Denis Villeneuve names the most difficult scene of his career: “It required a tremendous amount of work”

The rise of Denis Villeneuve has been a joy to watch. The French-Canadian director came to wider international attention with his trio of thrillers, Prisoners, Enemies, and Sicario, before exploding in popularity off the back of his cerebral sci-fi tale Arrival. He then took on a major challenge by making Blade Runner 2049, the sequel to Ridley Scott’s beloved classic, and absolutely smashed that out of the park as well.

What the director is best known for nowadays are his two movies based on Frank Herbert’s Dune. Long considered to be unadaptable for the screen (just ask David Lynch), Villeneuve proved that Paul Atreides and the battle to free Arrakis could be made into a movie, and a great one at that. The first film won six Oscars and was nominated for ‘Best Picture’, with Part Two expected to achieve similar accolades when award season rolls around.

There are many reasons why Dune baffled filmmakers for decades before Villeneuve came along. Not only is it packed with dense and often impenetrable lore, but Herbert’s insane imagination created scenarios that were damn near impossible to film. One of them is the scene where Paul first learns to ride the giant sandworms that inhabit the planet, a moment of great personal triumph and further proof that he is, in fact, the messiah promised to the Fremen people. 

As he told Film Ink, Villeneuve knew the importance of this moment and that he had to get it right. “It was by far the most complex thing I have ever attempted to do,” he said. “It required a lot of work, but I was trying to feel a level of realism. I wanted my mother to believe that it’s possible to ride a sandworm. I wanted it to be edgy, elegant, dangerous and exciting.
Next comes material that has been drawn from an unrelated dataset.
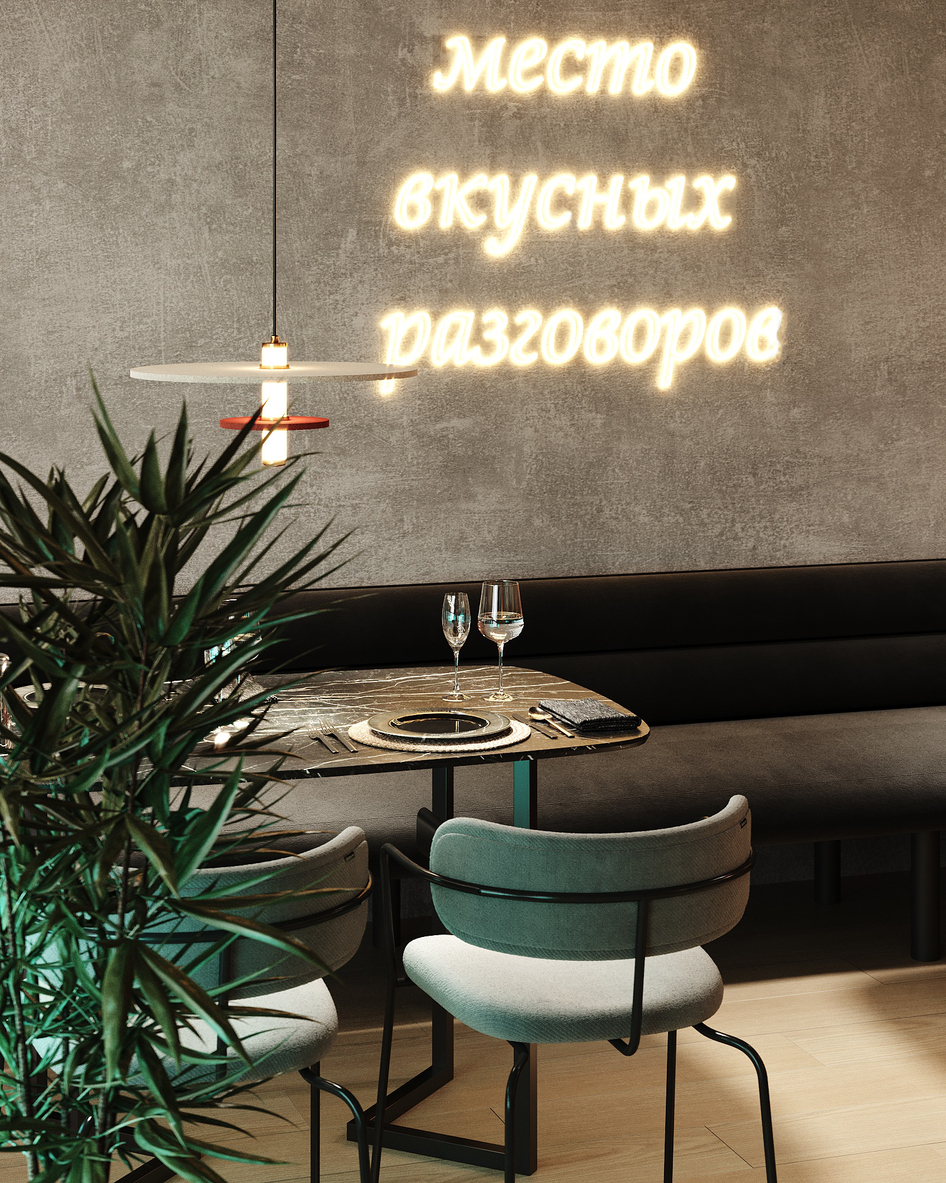 За широким столом стоит два стула в притык, не помню точно сколько должно выделяться места для одного человека, вроде бы 700мм, там их точно нет.

And it required a tremendous amount of work from my crew to bring that to the screen. Fortunately, the studio believed in the scene a lot and gave me the means and the tools to do it correctly.”
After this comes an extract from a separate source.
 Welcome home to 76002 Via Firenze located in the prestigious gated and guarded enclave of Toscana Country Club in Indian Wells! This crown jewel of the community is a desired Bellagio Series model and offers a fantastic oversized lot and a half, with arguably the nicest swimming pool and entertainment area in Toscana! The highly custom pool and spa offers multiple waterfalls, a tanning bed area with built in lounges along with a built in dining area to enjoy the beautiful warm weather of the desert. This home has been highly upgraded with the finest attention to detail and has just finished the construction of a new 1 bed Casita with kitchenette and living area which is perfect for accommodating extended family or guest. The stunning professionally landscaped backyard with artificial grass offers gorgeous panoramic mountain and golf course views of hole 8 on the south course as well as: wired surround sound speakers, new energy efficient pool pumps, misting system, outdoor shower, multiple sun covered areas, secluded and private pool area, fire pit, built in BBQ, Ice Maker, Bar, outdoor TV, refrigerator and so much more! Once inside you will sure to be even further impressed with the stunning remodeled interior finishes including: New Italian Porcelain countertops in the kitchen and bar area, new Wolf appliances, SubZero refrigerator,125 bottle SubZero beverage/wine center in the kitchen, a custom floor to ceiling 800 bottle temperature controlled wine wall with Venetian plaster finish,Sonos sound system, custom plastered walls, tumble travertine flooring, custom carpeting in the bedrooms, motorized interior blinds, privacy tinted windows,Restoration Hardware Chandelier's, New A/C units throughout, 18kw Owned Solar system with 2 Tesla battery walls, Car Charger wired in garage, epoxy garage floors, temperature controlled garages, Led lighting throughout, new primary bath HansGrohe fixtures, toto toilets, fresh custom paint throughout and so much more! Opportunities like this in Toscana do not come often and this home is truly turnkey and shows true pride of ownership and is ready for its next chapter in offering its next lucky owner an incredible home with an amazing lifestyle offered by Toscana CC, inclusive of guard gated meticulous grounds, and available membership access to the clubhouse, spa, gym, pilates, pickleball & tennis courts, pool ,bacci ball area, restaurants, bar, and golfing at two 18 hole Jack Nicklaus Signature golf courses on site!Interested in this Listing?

Both Dune movies were shot by Australian cinematographer Grieg Fraser, also known for his work on The Batman and Rogue One: A Star Wars Story. He and Villeneuve used a technique that involved shooting scenes digitally and then printing them on 35mm film. This is why the films look both ancient and futuristic at the same time and why so many of the visual effects look practical. The sandworms are no exception, seamlessly blending into the footage like any real creature would. Hopefully, Villeneuve’s mother was impressed.

The filming process behind the sandworm ride was a gruelling one. According to Timothée Chalamet, the actor who plays Paul, it took three months on a specially built unit to film the three-minute scene. “We called it the Worm Unit,” he told ScreenRant. “You would get pulled onto that unit 20 or 30 minutes at a time, and they would slot the availabilities in relation to the main production schedule. And it was awe-inspiring.”

The sandworm scene is one of the many gorgeous and emotional sequences that make the Dune movies so engaging. They combine the jaw-dropping scale of a major blockbuster with the artistry and attention to detail of an arthouse passion project, and it seems unthinkable now that anybody would write the story off as “unfilmable”. Villeneuve has done an outstanding job bringing Herbert’s mad visions to life—long live the fighters, and long live this fabulous series.